En el sub iudice, los testigos RAÚL ANTONIO PALENCIA MARTÍNEZ, GUSTAVO ADOLFO DÍAZ LUZARDO, SERGIO EDIBERTO OTAZO DOMÍNGUEZ, antes identificados, en sus declaraciones ciertamente afirmaron que conocían de vista y trato al ciudadano JEAN WILLY EDMOND, aseverando que entre ellos existe una amistad manifiesta de hermandad y de muchos año (sic), existiendo lazos de afectos ciertos y demostrables; lo que a juicio de esta juzgadora hacen presumir que los mismos no son imparciales, razón por la cual considera esta juzgadora que los testigos evacuados están incursos en la causal de inhabilidad relativa. Y ASÍ SE DECIDE…”.

De lo anterior, observa la Sala que el juez de alzada no le otorgó valor probatorio a dichas testimoniales en virtud de que de las mismas se evidenció una amistad manifiesta entre los referidos testigos y la parte actora reconvenida.

En ese sentido, se debe destacar que el artículo 508 del Código de Procedimiento Civil, otorga a los jueces la facultad y libertad en la apreciación y valoración de la prueba de testigos, razón por la que sólo podrá ser denunciado por esta Sala de Casación Civil, cuando el jurisdicente incurra en suposición falsa o viole una máxima de experiencia. Sobre tal particular se ha pronunciado la Sala mediante sentencia N° 452, de fecha 21 de julio de 2014, caso: Carlos Alberto Rivas contra José Antonio León, cuando estableció:

“…Ahora bien, el artículo 508 del Código de Procedimiento Civil, otorga a los jueces la facultad y libertad en la apreciación y valoración de la prueba de testigos, razón por la que sólo podrá ser censurada por esta Sala de Casación Civil, cuando el jurisdicente incurra en suposición falsa o viole una máxima de experiencia. En este sentido se ha pronunciado la jurisprudencia de esta Sala y así puede evidenciarse de sentencia N° 672, de fecha 24 de octubre de 2012, expediente N° 12-314 en el caso de Inversiones Cachamay, C.A. contra Marcos Ángelo Petricca De Matteis, cuando se ratificó:

´…Aun más, es importante tener presente las limitaciones naturales que se presentan cuando eventualmente se examina una denuncia debidamente formulada que atañe a la valoración de la prueba testimonial, y particularmente sobre los dichos de los testigos, que si bien es una prueba distinta se valora por la regla de la sana crítica, pues de conformidad con el artículo 507 del Código de Procedimiento Civil ´la disposición… permite al juez, en la apreciación de la mencionada probanza, realizar una labor de sana crítica, lo cual le faculta al efectuar su análisis sobre las deposiciones de los testigos, a utilizar para ello su intelecto en el correcto entendimiento humano… esto quiere decir, el sentenciador ostenta libertad y así, una vez realizado un profundo estudio sobre los dichos de los testigos, desestimarlos o no, con base a su experiencia, a la confiabilidad que sus declaraciones le merezcan, tomando en cuenta una serie de factores tales como la edad, profesión, el trabajo desempeñado por el testigo, o la impresión que hubiese podido formarse sobre la veracidad de las deposiciones…`.
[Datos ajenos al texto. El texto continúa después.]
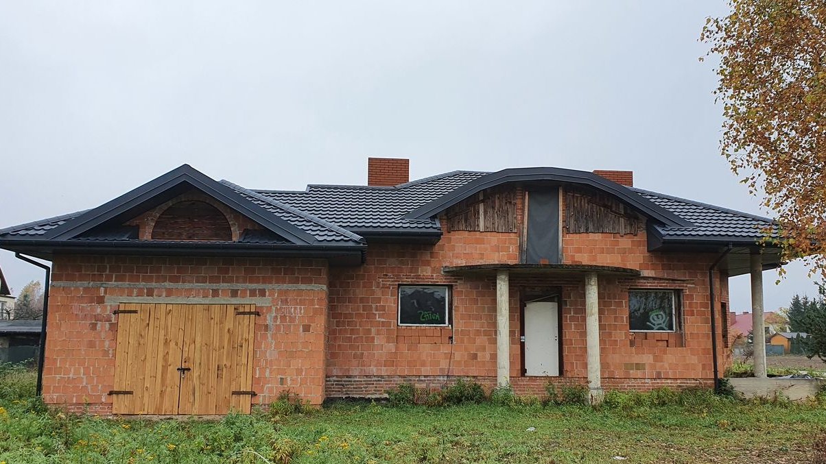 Budynek wolnostojący, podpiwniczony, z poddaszem użytkowym oraz dwustanowiskowym garażem w bryle budynku. Wybudowany w technologii tradycyjnej. Ściany dwuwarstwowe z pustaków ceramicznych z ociepleniem wewnętrznym. Konstrukcja dachu tradycyjna, drewniana. Dach pokryty blachodachówką na odeskowanej więźbie. Do domu doprowadzona jest woda oraz energia elektryczna.

Con base en lo expuesto, habiendo determinado la Sala que el ad quem desechó las declaraciones de los testigos por no merecerle confianza, ello con base en lo que habían depuesto que evidenciaba amistad entre el demandante y los testigos, en consecuencia, debe declararse improcedente la denuncia de infracción de los artículos 12, 478 del Código de Procedimiento Civil por falta de aplicación…”. (Negrillas y cursivas del texto; subrayado de la Sala).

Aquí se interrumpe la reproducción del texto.